Because it shares the same frequency as "clear channel" station WSB in Atlanta, WBMD broadcasts only during the daytime hours. The correct coordinates for the tower are 39° 18' 42.6"N, 76° 29' 27.2"W. The antenna is part of an array also used by WFSI on 860kHz.

==History==
WBMD began broadcasting November 27, 1947, on 750 kHz with 1 kW power (daytime only). The station was licensed to Key Broadcasting Corporation, with studios at 2 West Eager Street in Baltimore. In the 1950s-1960s, the station aired daily religious programs by a number of local ministers, who bought airtime in 15- or 30-minute blocks. Sunday afternoons in the 1960s featured ethnic programs, such as Greek and German language shows. In the 1990s, WBMD's schedule continued its focus on religious programming.
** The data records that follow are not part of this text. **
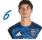
Ian Harkes @harksey23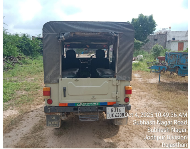
Oct 4, 2025 10:49:36 AM Subhash Nagar Road Subhash Nagar Jodhpur Division Rajasthan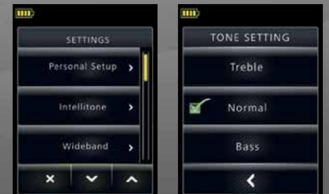
PERSONALIZING THE HEADSET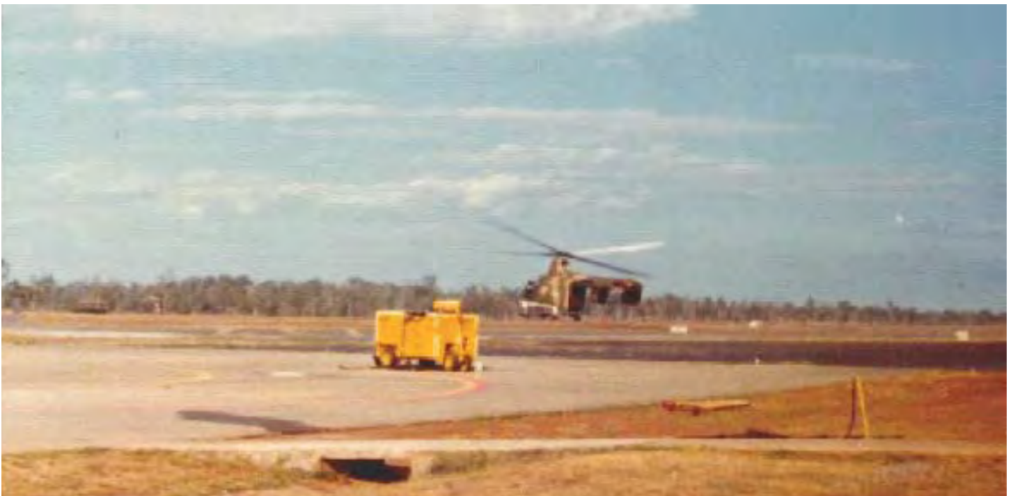
2. HH-43 "Huskie" Search & Rescue helicopter.

In 1994, WBMD's ownership, Sconnix Broadcasting, sold the station, along with FM sister station WQSR (105.7), to American Radio Systems (ARS). In 2005, to comply with Federal Communications Commission (FCC) ownership restrictions, Infinity Radio sold WBMD and WBGR—among the few religious-oriented stations in the group—to Family Stations; Family already owned WFSI (107.9 FM) in nearby Annapolis.

In 2021, Family Stations swapped WBMD to Relevant Radio in exchange for WAMT in the Orlando, Florida, area. The swap, which left WFSI (860 AM) as Family's only Baltimore station, allowed Family to enter the Orlando market (where Relevant Radio also owned WHOO) and Relevant Radio to enter Baltimore.